You can run the tests to make sure all the individualt parts of the implementation are working as expected. This creates an unoptimized binary.
make DEBUG=1 && ./tests
To build an optimized binary with the default options, just run
make
To build a binary that uses the Fernandez bound instead of Fujita's binary search method for generating lower bounds, run
make FB=1
To see how slow the algorithm is without generating lower bounds at all, run
make NO_FUJITA=1
Building the project produces the executable bbexps. The primary way to use bbexps is to find the makespan of a DAG in the Patterson data format.
./bbexps <file> <m> <timeout>
m is the number of machines to schedule the DAG on and timeout is the number of seconds to run the branch and bound algorithm for before giving up. file is the path to the file containing the DAG to be scheduled. The file should be in the Patterson data format, described below.
bbexps outputs
<file>, <n>, <m>, <opt>, <time>
where file is the input file, n is the number of vertices in the DAG (excluding source and sink), m is the number of machines used in the schedule, opt is the makespan of the DAG or -2 if the algorithm timed out, and time is the time it took to run the scheduling algorithm.

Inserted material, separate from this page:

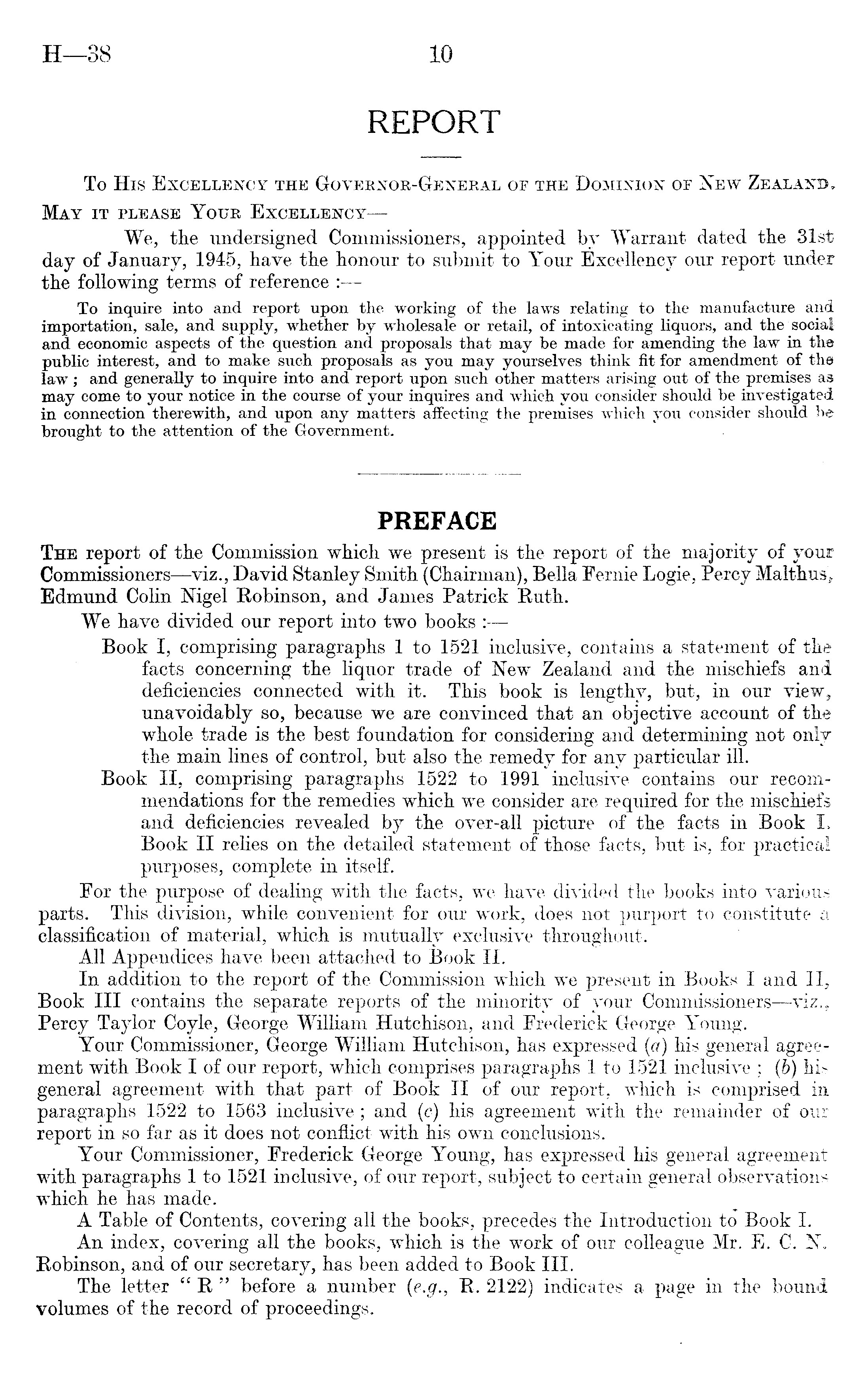 To His Excellency the Governor-General op the Dominion of New Zealand. May it please Your Excellency— We, the undersigned Commissioners, appointed by Warrant dated the 31st day of January, 1945, have the honour to submit to Your Excellency our report under the following terms of reference : To inquire into and report upon the working of the laws relating to the manufacture and importation, sale, and supply, whether by wholesale or retail, of intoxicating liquors, and the social and economic aspects of the question and proposals that may be made for amending the law in the public interest, and to make such proposals as you may yourselves think fit for amendment of the law ; and generally to inquire into and report upon such other matters arising out of the premises as may come to your notice in the course of your inquires and which you consider should be investigated in connection therewith, and upon any matters affecting the premises which you consider should be brought to the attention of the Government.

bbexps can alternatively print the input DAG in the DOT graph format. The produced graph does not contain vertex weights, but it is useful for visualizing DAG structure.
./bbexps <file> dot
An example producing an image might look like
./bbexps Pat0.rcp dot | dot -T png -o Pat0.png
To run the experiments from the paper run
python3 experiments.py
This will automatically build the scheduler with the Fernandez bound and with with Fujita's binary search bound and run each on the dataset of generated DAGs. These DAGs were generated using the RanGen 1 tool from Demeulemeester, E., Vanhoucke, M. and Herroelen, W., 2003, "A random network generator for activity-on-the-node networks", Journal of Scheduling, 6, 13-34. The generator was downloaded from http://www.projectmanagement.ugent.be/?q=research/data/RanGen
To generate graphs, save the output of the experiments in a file and run
python3 visualize.py <data file>
The Patterson format is used for specifying graphs for the Resource Constrained Project Scheduling Problem, which is a generalization of the DAG scheduling problem we solve. The RCPSP is a common problem in operations research.
The first line of the file has two numbers: the number of vertices (including source and sink), and the number of resources, but the only number of resources we support is 0. The next line contains the resource availability for each resources, but since we have no resources it should always be blank.
Each subsequent line fully specifies one vertex in the DAG, starting with the source and ending with the sink. The first number is the weight of the vertex, then the number of successors, then the ID of each successor. Vertices are 1-indexed, so the source is vertex 1 and the sink is vertex n. Normally each line would also contain the resource requirements, but since we have no resources this information is not present.
For example, the file specifying the following DAG is
7 0
0 2 2 6
3 1 3
8 2 5 4
10 1 7
2 1 7
10 1 7
0 0